==== Data segment

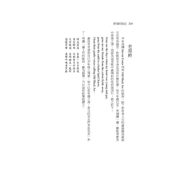 早年我讀Steven Foster所寫Old Black Joe 的歌詞,除了對作者人生的最後階段貧病交加有所感受,對歌詞本身並没有什麼反應。如今年歲已長,再細讀一遍,頗能領會其中悲愴之情。我認為這首歌中最精彩的是前面四句,錄之於下:
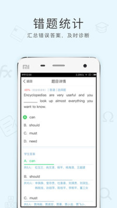 老师可以在手机或电脑上将我们准备的精选练习布置为作业,自由组合作业内容,适合不同程度的学生水平。学生完成作业后,系统自动批改,并要求学生进行错题订正。实时产生成绩分析报告,让老师可以及时掌握学生的完成情况,了解薄弱知识点,大幅减少工作量。
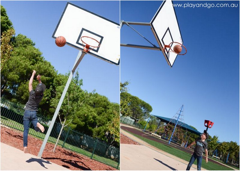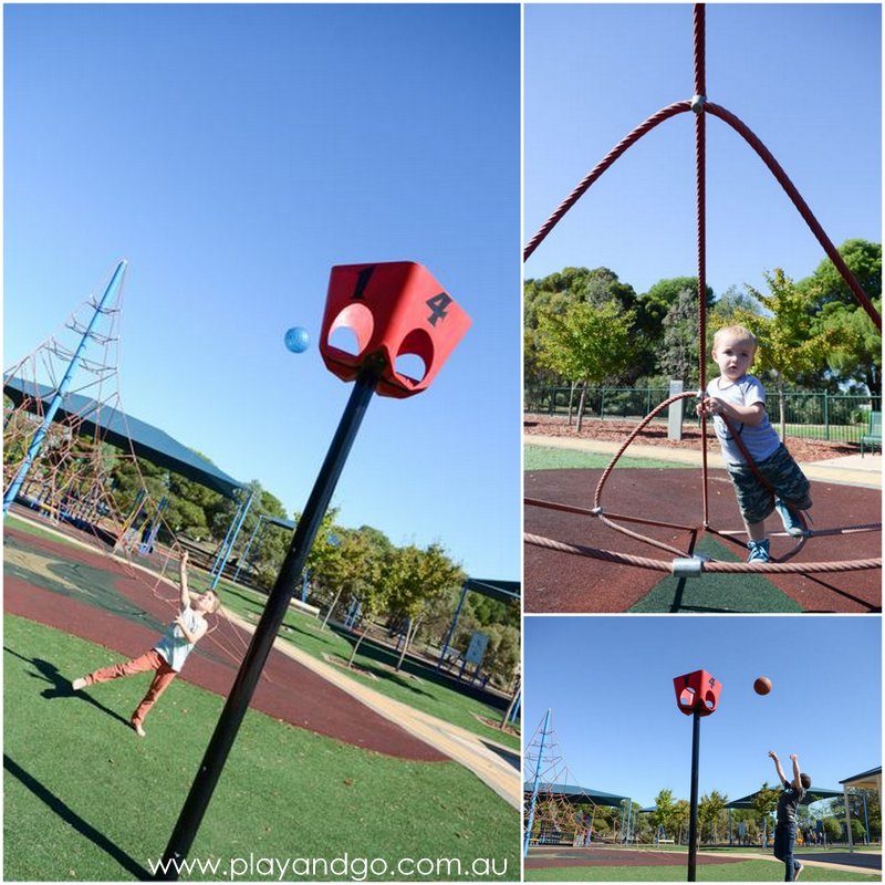 There’s climbing and play equipment suitable for toddlers, like the slippery dip, see-saws, rockers and a bridge. Big kids will be very entertained by the HUGE scramble net pyramid (which might give parents a fright when they make it to the top!) that seems to be pretty safe, as well as a basketball court and another ball throwing basket to aim for.

========

#### Action item:
No pictures belong in the copy. Return exactly the lines from the line containing "老师可以在手机或电脑上将我们" through the last line of the listing.

#### Task output:
 老师可以在手机或电脑上将我们准备的精选练习布置为作业,自由组合作业内容,适合不同程度的学生水平。学生完成作业后,系统自动批改,并要求学生进行错题订正。实时产生成绩分析报告,让老师可以及时掌握学生的完成情况,了解薄弱知识点,大幅减少工作量。
 There’s climbing and play equipment suitable for toddlers, like the slippery dip, see-saws, rockers and a bridge. Big kids will be very entertained by the HUGE scramble net pyramid (which might give parents a fright when they make it to the top!) that seems to be pretty safe, as well as a basketball court and another ball throwing basket to aim for.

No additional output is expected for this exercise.